## TASK INSTRUCTIONS
Span requested from the data below: the line with "Dcurt Armoire, Cintre" through the line with "La cuisine est", both included. Give only these lines again, exactly, and leave every picture out.

## PROVIDED RECORDS
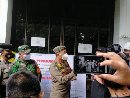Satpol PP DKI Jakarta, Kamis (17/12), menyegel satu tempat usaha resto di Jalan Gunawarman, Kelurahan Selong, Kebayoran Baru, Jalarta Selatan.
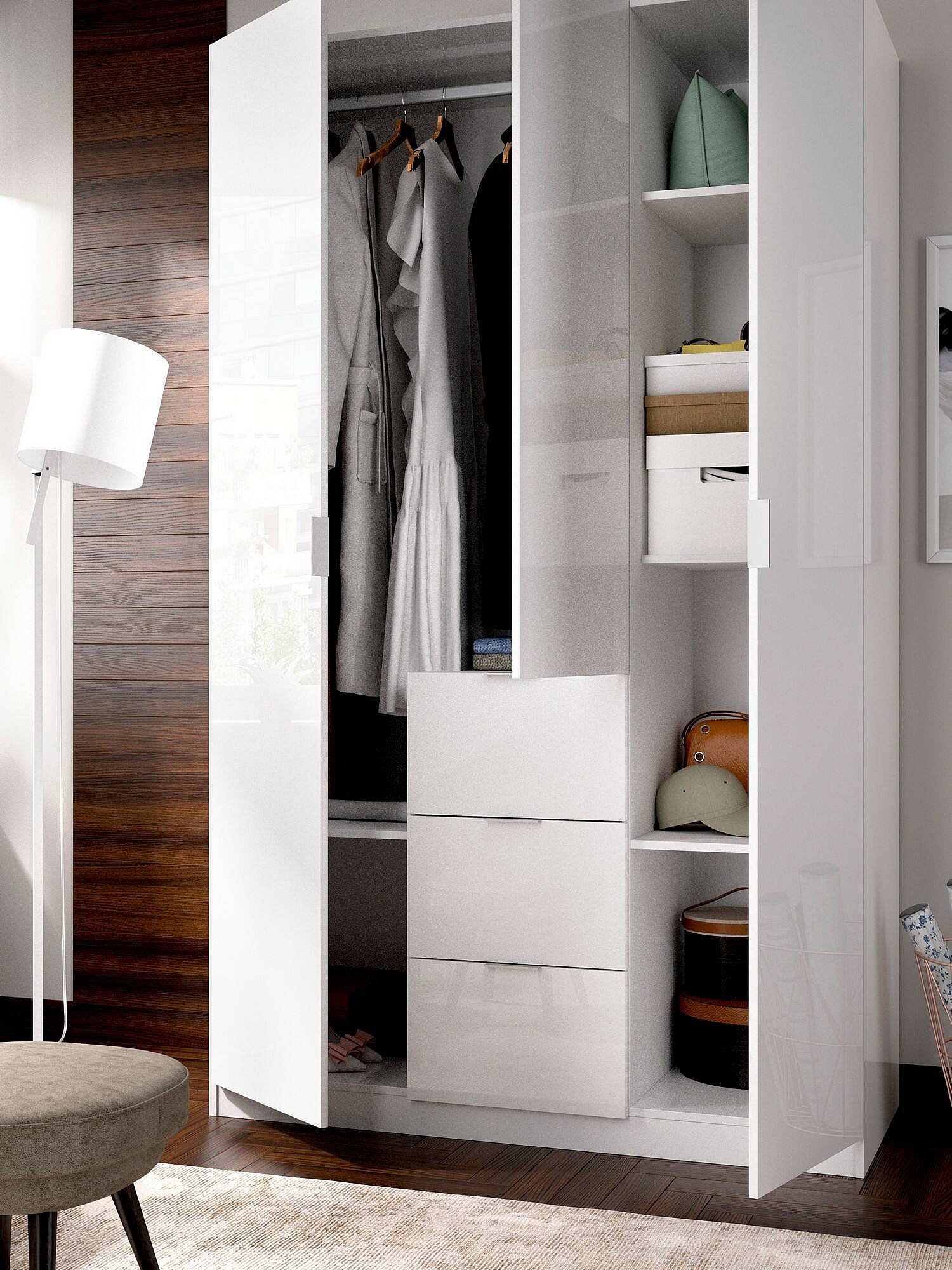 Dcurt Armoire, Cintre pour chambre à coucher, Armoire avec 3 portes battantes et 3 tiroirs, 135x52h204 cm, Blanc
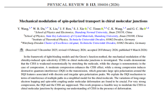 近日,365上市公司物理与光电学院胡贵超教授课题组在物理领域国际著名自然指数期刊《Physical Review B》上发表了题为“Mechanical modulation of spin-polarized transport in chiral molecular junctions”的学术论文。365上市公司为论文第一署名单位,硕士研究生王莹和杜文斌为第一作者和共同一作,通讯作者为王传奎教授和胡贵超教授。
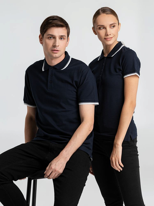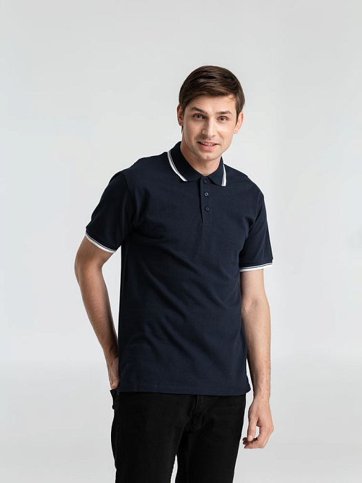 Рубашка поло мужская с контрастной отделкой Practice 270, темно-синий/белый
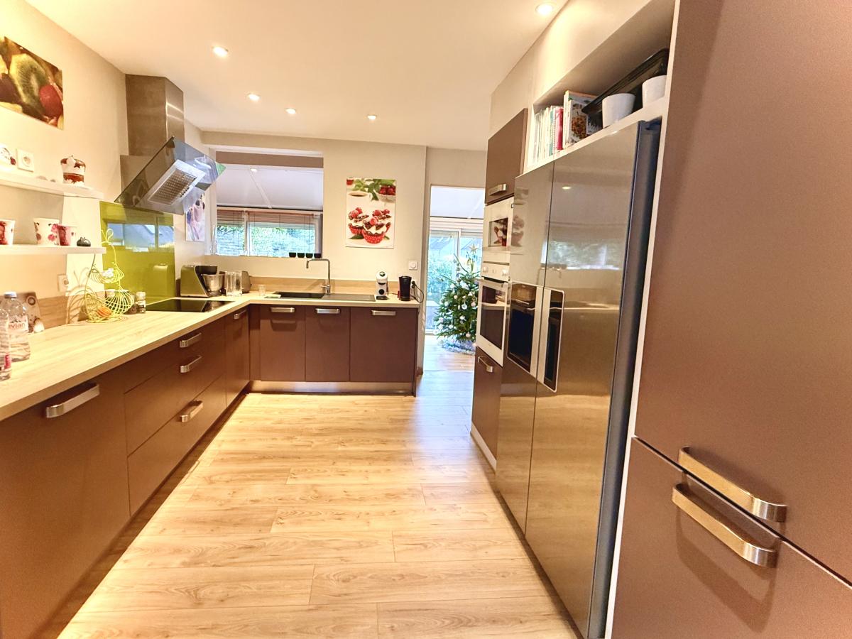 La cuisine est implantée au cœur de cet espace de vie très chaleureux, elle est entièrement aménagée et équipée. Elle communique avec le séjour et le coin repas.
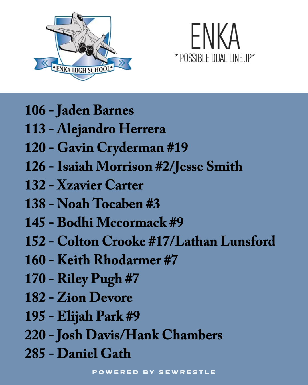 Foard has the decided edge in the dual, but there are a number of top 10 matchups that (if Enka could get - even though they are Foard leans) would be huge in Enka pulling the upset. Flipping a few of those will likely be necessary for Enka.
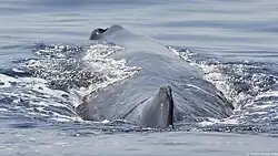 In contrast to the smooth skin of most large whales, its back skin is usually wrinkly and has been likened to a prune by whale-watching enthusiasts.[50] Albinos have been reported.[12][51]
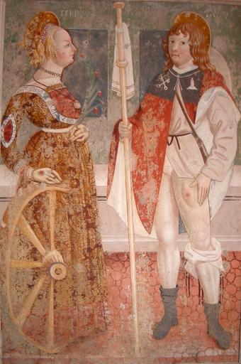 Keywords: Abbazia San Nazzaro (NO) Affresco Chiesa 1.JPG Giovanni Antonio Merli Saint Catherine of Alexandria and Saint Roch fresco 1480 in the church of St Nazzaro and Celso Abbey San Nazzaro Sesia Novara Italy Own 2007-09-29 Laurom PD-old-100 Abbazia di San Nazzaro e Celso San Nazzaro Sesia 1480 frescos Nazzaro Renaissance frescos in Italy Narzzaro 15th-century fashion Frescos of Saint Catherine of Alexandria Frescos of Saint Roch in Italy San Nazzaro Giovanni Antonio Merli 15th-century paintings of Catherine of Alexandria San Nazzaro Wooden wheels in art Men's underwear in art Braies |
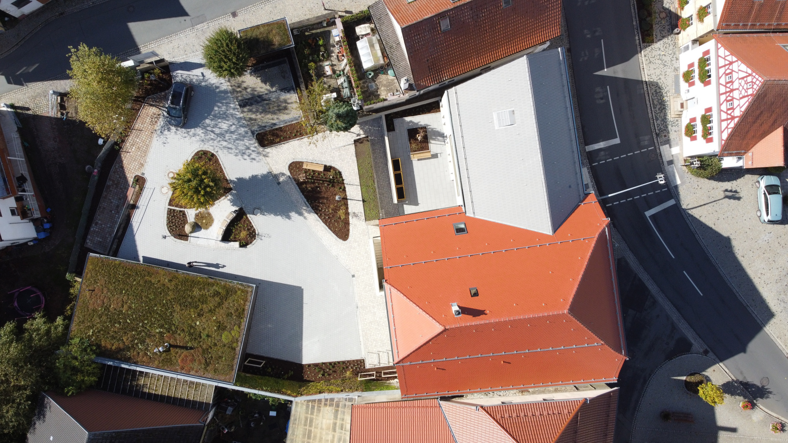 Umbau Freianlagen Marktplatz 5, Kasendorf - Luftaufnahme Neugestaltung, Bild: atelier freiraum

## RESPONSE TO THIS TASK
 Dcurt Armoire, Cintre pour chambre à coucher, Armoire avec 3 portes battantes et 3 tiroirs, 135x52h204 cm, Blanc
 近日,365上市公司物理与光电学院胡贵超教授课题组在物理领域国际著名自然指数期刊《Physical Review B》上发表了题为“Mechanical modulation of spin-polarized transport in chiral molecular junctions”的学术论文。365上市公司为论文第一署名单位,硕士研究生王莹和杜文斌为第一作者和共同一作,通讯作者为王传奎教授和胡贵超教授。
 Рубашка поло мужская с контрастной отделкой Practice 270, темно-синий/белый
 La cuisine est implantée au cœur de cet espace de vie très chaleureux, elle est entièrement aménagée et équipée. Elle communique avec le séjour et le coin repas.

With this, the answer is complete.